(EXERCISE PROMPT): Within the listing below, give again exactly the lines between the one containing "到达张兴明家中时,看到我们再" and the one containing "Achsen | Rollachser", inclusive, pictures left aside.

(RECORDS SUPPLIED):
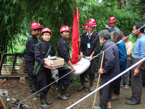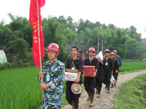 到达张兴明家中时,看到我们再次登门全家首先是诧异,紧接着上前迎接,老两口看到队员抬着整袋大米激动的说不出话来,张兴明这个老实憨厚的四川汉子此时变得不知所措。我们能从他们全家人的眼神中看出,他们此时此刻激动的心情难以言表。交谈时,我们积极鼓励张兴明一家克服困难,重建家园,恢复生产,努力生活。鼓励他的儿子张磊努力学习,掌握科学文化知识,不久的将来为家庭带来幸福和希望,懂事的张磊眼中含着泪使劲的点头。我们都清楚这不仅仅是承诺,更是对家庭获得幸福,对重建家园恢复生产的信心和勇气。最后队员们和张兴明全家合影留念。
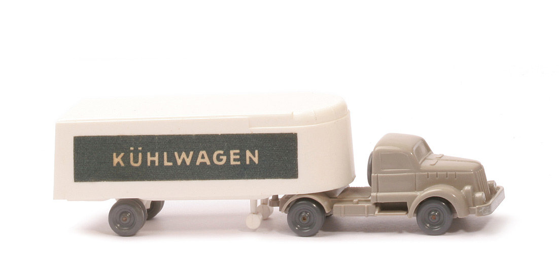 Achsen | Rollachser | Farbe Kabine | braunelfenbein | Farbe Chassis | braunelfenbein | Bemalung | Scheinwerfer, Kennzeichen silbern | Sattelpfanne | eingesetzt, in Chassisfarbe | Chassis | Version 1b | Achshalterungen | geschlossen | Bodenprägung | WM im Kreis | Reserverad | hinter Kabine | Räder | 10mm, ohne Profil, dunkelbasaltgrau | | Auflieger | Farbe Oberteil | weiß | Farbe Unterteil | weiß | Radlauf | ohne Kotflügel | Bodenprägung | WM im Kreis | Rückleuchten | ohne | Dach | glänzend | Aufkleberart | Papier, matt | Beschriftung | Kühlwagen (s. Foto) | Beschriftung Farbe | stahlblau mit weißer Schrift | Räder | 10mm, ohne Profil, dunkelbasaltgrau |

* * *

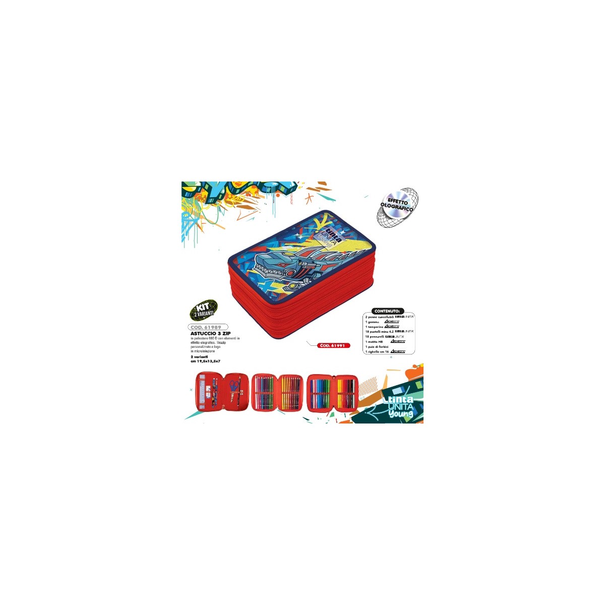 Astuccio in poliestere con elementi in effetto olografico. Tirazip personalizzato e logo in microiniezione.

==

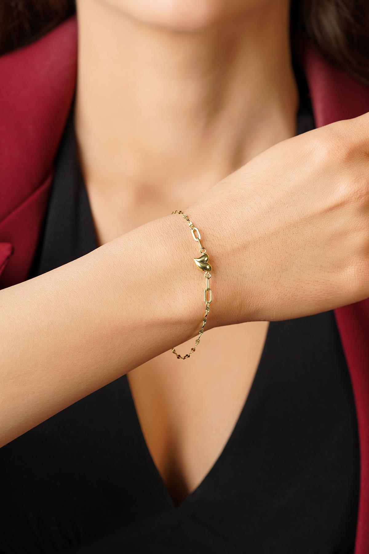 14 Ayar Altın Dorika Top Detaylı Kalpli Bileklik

(OUTPUT FOR THIS TASK):
 到达张兴明家中时,看到我们再次登门全家首先是诧异,紧接着上前迎接,老两口看到队员抬着整袋大米激动的说不出话来,张兴明这个老实憨厚的四川汉子此时变得不知所措。我们能从他们全家人的眼神中看出,他们此时此刻激动的心情难以言表。交谈时,我们积极鼓励张兴明一家克服困难,重建家园,恢复生产,努力生活。鼓励他的儿子张磊努力学习,掌握科学文化知识,不久的将来为家庭带来幸福和希望,懂事的张磊眼中含着泪使劲的点头。我们都清楚这不仅仅是承诺,更是对家庭获得幸福,对重建家园恢复生产的信心和勇气。最后队员们和张兴明全家合影留念。
 Achsen | Rollachser | Farbe Kabine | braunelfenbein | Farbe Chassis | braunelfenbein | Bemalung | Scheinwerfer, Kennzeichen silbern | Sattelpfanne | eingesetzt, in Chassisfarbe | Chassis | Version 1b | Achshalterungen | geschlossen | Bodenprägung | WM im Kreis | Reserverad | hinter Kabine | Räder | 10mm, ohne Profil, dunkelbasaltgrau | | Auflieger | Farbe Oberteil | weiß | Farbe Unterteil | weiß | Radlauf | ohne Kotflügel | Bodenprägung | WM im Kreis | Rückleuchten | ohne | Dach | glänzend | Aufkleberart | Papier, matt | Beschriftung | Kühlwagen (s. Foto) | Beschriftung Farbe | stahlblau mit weißer Schrift | Räder | 10mm, ohne Profil, dunkelbasaltgrau |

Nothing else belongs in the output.